YOUR OBJECTIVE | Give back the listing in full and exactly, leaving out the images.

SUPPLIED MATERIAL |
┄┄┄┄┄┄┄┄┄┄┄┄┄┄┄┄┄┄┄┄

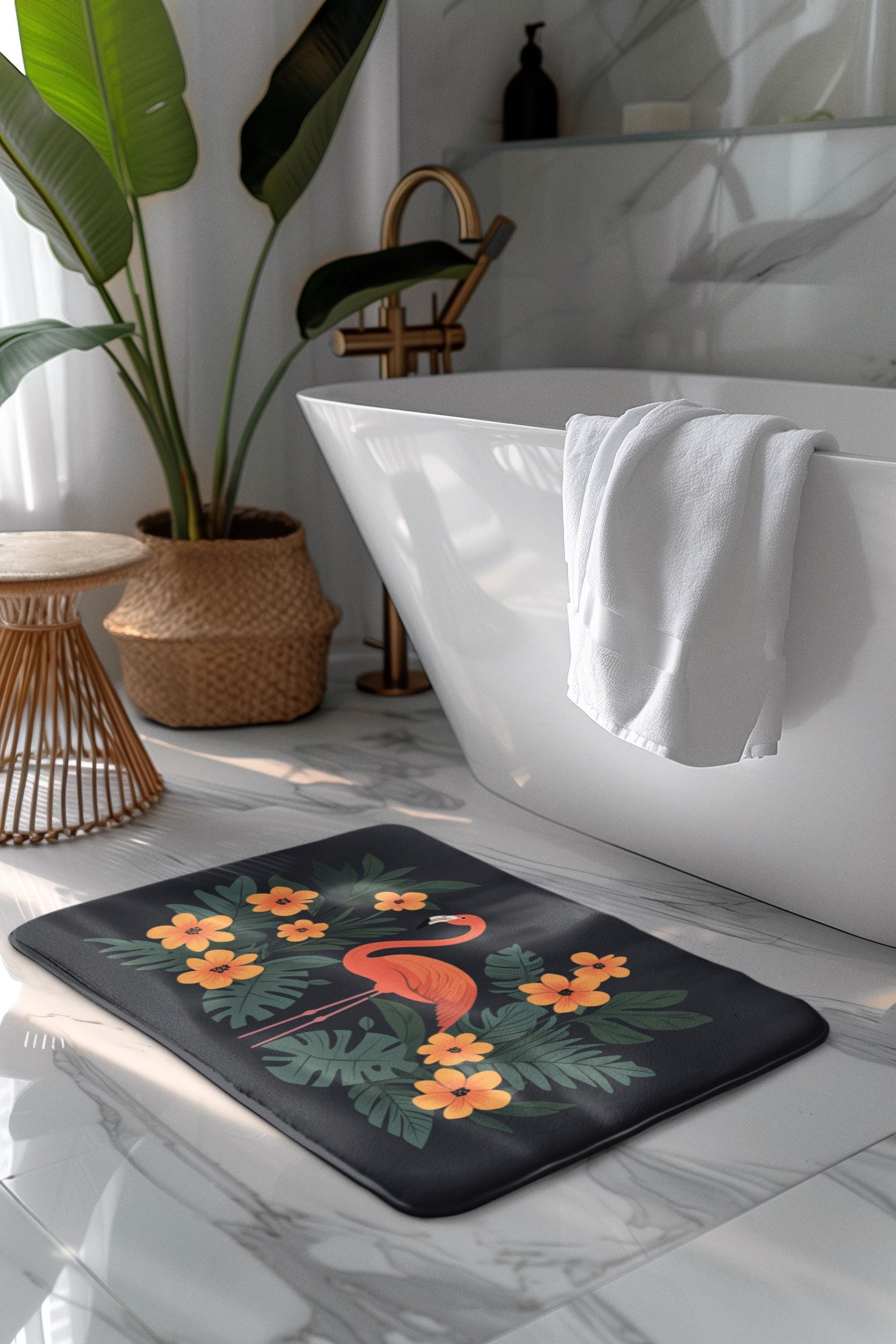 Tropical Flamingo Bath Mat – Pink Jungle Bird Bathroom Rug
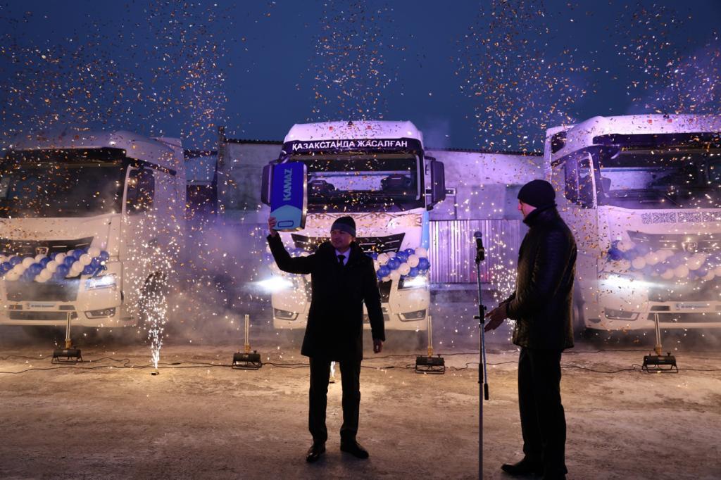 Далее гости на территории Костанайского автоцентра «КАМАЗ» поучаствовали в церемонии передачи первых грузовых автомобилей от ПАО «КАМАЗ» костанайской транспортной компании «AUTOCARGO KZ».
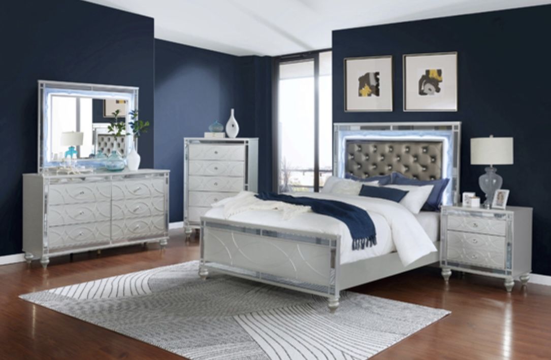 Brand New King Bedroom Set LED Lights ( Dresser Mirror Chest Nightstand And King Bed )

┄┄┄┄┄┄┄┄┄┄┄┄┄┄┄┄┄┄┄┄

EXERCISE SOLUTION |
 Tropical Flamingo Bath Mat – Pink Jungle Bird Bathroom Rug
 Далее гости на территории Костанайского автоцентра «КАМАЗ» поучаствовали в церемонии передачи первых грузовых автомобилей от ПАО «КАМАЗ» костанайской транспортной компании «AUTOCARGO KZ».
 Brand New King Bedroom Set LED Lights ( Dresser Mirror Chest Nightstand And King Bed )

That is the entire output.